Additionally, we searched in the database of the Planet Scope in order to find images to prove the extraction date. The PlanetScope satellite images (initial resolution of 1 pixel = 3.00 m) that were utilized, originated from the Planet Explorer platform owned by Planet Labs PBC. The specific products are commercial with 50 cm resolution but we used the free sample images of low resolution. It has a daily frequency collection [70,71], and was provided by the legal distributor in Romania, as datasets for academic/research use. The timeframe of interest for this study was initially established, based on which satellite images without cloud cover were selected. The Planet Explorer platform has over 180 PlanetScope micro-satellites capable of collecting daily images, over the entire surface of the study area as well as at a distance of 50 km from the shoreline. All satellites (Dove) have sensors capable of collecting 4 RGB + NIR spectral bands, and the latest generations of satellites (DOVE-R and SuperDove) can collect up to 8 spectral bands (Coastal Blue 431–452 nm, Blue: 465–515 nm, Green I: 513–549 nm, Green: 547–583 nm, Yellow: 600–620 nm, Red: 650–680 nm, Red Edge: 697–713 nm, NIR: 845–885 nm) [72]. High resolution datasets with a resolution of 0.75 m using the constellation of 8 Skysat satellites with RGB + NIR spectral resolution were also provided. The images used have been downloaded in 29 March 2022.

3. Results

3.1. The Buzau River (Romania)

During a survey along the Buzău river valley, in March 2022, a series of mining locations of bed material from the major river bed were observed (Figure 5).
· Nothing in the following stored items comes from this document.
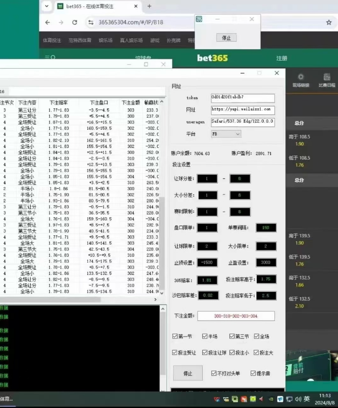 篮球比赛下注,脚本会根据参数设置自动计算,选择比赛,自动下注,胜率百分之75。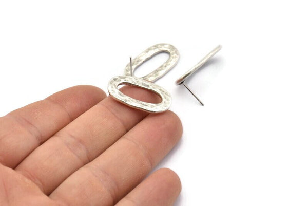 Hammered Antique Silver Plated Brass Oval Stud Earrings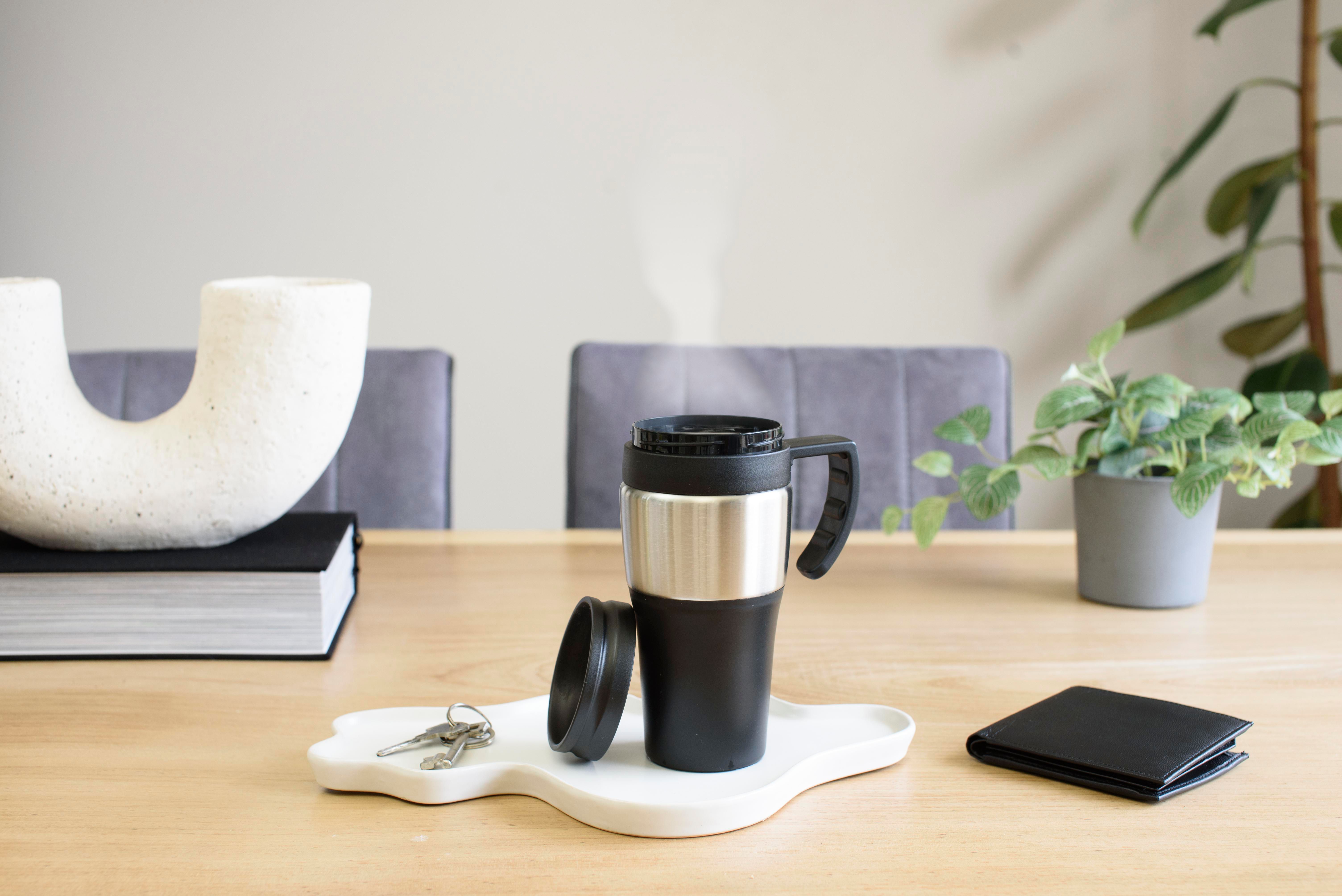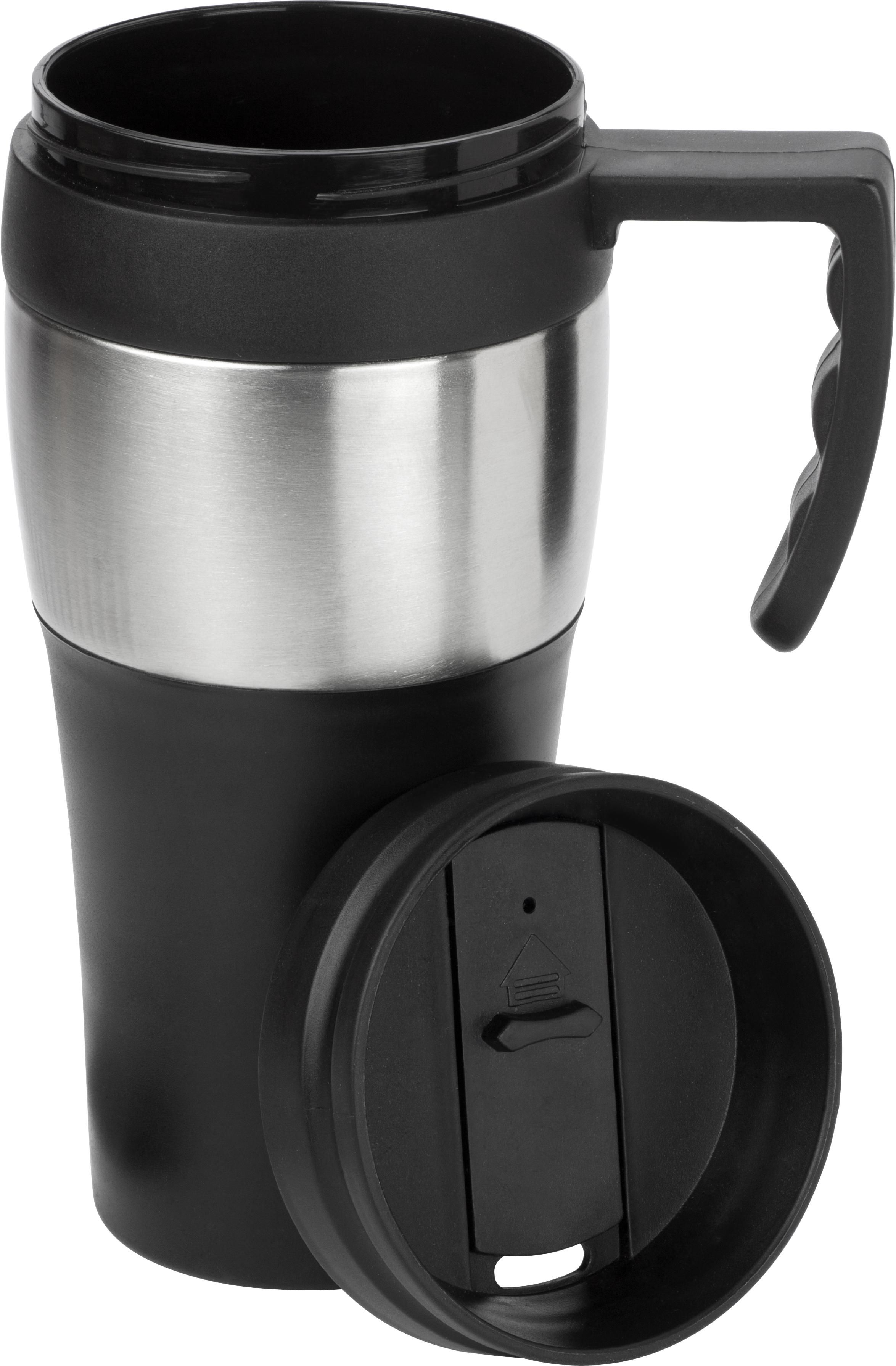 Praktischer Reisebecher aus Edelstahl und PP mit 500 ml Fassungsvermögen. Der Deckel verfügt über eine Trinköffnung, die mit einem Schiebverschluss sicher geschlossen wird—ideal für unterwegs und den täglichen Gebrauch.

The time of the bed changes (mining) was determined by the PlanetScope satellite images. The approximate time interval was 5 to 17 February 2022, based on the subsequent analysis. The exact determination of the locations was influenced by the quality of the available satellite data (the area investigated should not be shaded by clouds or have alterations in the resolution when merging images) (Figure 6).
In order to validate and confirm that the mining of the river bed material was carried out in 2022, another satellite image with a better resolution (0.75 m) from the PlanetScope, Image Skysat captured during 24 November 2021, was also used (Figure 7). The specific image did not contain any mining areas and this evidence supports our previous outcome that the mining occurred in 2022 [73]. The characteristics of the retrieved satellite images are presented in Table 1.
In order to verify that the mining of the bed material had been conducted legally, the valid licenses for sand and gravel mining from the river beds at the date of the analysis were reviewed. It was found that along the Buzău River only 43 were granted, but the nearest licensed mining permit was downstream of the studied location studied, approximately 15 km away. Finally, the exact dimensions of the locations of the extractions were measured in a sub-sequent field survey. The thickness of the excavated material was 0.75 m. Thus, this enabled us to estimate the maximum total volume of the material removed from the alluvial deposit that was 314 m3 (Figure 8).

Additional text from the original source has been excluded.